A insatisfação é característica de uma pessoa saudável, «programada» para a mudança, para sentir cada vez mais prazer na vida e poder afirmar sem timidez: «ainda tem que ser melhor!»

«Querer mais» leva à natural e contínua consolidação do nosso valor, como querer ser rico e poderoso – o que não impede, antes pelo contrário, a dedicação ao bem comum. O livro de Ben Sira (31,8-11) é bem explícito: «Bem-aventurado o rico, que pôde fazer o mal e não o fez; Quem é ele, para que o louvemos? Os seus bens estão firmes no Senhor e o povo proclamará os seus benefícios». Ser bom gestor da riqueza garante a firmeza do estatuto alcançado, se toda a sociedade verifica ganhar com o poder e riqueza de quem faz desses bens uma arma eficaz pela justiça. Mas os bons gestores têm que cultivar o conhecimento e a reflexão que permitem investigar o porquê das mais graves situações sociais e criar soluções «com pés e cabeça».

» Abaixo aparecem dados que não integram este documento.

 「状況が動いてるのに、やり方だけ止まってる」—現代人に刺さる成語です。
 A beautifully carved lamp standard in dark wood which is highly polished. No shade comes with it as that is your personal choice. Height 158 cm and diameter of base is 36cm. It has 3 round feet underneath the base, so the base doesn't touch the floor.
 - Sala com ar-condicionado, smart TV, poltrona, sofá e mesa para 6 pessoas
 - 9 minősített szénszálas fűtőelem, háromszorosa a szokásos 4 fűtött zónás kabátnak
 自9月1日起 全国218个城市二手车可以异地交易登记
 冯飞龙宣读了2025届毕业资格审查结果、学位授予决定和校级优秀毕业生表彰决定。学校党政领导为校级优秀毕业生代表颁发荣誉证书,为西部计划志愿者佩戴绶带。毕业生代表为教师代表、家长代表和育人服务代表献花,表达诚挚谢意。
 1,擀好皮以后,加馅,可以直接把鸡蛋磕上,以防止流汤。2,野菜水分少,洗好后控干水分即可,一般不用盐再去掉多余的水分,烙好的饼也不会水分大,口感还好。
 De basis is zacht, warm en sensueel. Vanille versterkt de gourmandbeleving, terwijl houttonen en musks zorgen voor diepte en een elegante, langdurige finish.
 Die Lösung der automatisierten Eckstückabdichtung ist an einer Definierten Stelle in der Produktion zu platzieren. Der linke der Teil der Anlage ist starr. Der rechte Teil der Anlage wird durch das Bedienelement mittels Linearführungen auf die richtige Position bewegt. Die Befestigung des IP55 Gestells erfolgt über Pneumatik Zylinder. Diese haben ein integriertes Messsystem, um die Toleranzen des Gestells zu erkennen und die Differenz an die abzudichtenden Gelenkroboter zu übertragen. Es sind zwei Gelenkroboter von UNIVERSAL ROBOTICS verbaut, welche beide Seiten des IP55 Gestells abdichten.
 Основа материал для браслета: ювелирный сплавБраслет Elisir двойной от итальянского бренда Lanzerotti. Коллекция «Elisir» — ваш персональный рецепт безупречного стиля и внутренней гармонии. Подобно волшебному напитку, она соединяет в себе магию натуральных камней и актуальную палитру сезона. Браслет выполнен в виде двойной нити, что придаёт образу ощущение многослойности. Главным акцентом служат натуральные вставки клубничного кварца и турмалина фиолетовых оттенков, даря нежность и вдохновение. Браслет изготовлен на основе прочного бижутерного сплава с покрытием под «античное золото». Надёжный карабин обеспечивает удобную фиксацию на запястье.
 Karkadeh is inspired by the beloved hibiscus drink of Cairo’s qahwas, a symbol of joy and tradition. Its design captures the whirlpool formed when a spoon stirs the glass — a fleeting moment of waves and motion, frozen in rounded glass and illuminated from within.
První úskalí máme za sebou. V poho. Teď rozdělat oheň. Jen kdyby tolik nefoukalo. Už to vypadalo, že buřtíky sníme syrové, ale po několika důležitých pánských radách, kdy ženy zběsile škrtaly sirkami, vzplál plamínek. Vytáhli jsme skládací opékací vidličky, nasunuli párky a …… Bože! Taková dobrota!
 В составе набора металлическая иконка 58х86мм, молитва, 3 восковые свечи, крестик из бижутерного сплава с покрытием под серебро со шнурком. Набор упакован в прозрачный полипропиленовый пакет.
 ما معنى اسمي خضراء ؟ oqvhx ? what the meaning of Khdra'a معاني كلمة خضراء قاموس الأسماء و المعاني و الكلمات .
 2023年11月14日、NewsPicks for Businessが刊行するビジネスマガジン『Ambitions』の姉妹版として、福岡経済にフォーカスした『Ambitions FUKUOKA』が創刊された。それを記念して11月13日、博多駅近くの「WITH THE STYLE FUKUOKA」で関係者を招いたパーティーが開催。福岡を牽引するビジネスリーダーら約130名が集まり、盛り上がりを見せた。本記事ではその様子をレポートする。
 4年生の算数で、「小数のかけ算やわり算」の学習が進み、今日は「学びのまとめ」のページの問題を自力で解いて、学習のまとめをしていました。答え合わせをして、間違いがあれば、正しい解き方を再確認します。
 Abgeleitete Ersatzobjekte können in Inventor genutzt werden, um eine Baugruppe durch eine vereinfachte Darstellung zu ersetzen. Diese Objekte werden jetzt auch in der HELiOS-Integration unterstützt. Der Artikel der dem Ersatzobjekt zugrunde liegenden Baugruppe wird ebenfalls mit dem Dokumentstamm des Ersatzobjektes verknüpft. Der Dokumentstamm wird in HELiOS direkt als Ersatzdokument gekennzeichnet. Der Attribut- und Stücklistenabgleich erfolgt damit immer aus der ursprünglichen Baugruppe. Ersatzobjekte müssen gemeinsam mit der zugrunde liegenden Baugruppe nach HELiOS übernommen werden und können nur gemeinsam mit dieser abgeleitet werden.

Quando Jesus (evangelho) deu conta de que os seus discípulos discutiam qual deles seria o mais importante, chamou uma criança e disse: «quem quiser ser o primeiro faça-se o servo de todos» (Marcos, 10, 15). O evangelista usa o termo grego «paidíon» (do indo-europeu «pau» ou «pou», raiz de «pouco» e «pobre»), que tanto significa criança como servo e escravo: são os desprotegidos socialmente, os que nada podem reclamar, e que chegam a sujeitar-se às piores condições para não serem aniquilados.

Jesus Cristo deu exemplo de que a sua própria vida estava ao dispor dos outros e soube o que era sofrer com o abuso de poder. Não é vergonha ser rico ou ser pobre: é vergonha não utilizar os «talentos» próprios (muitas vezes de qualidade superior entre os classificados como «pobres»), servindo o objectivo comum da responsabilidade social, que inclui o dever de a todos ajudar no desenvolvimento das suas capacidades.

Só «os ímpios» é que se drogam com a riqueza e o poder, desprezam a vida dos outros e oprimem sobretudo aqueles que não querem colaborar com o que está mal (1ª leitura).

A maior satisfação, o maior sucesso, é ver que a nossa vida faz germinar mais vida e não destruição. Foi este «viver» que Jesus Cristo ensinou.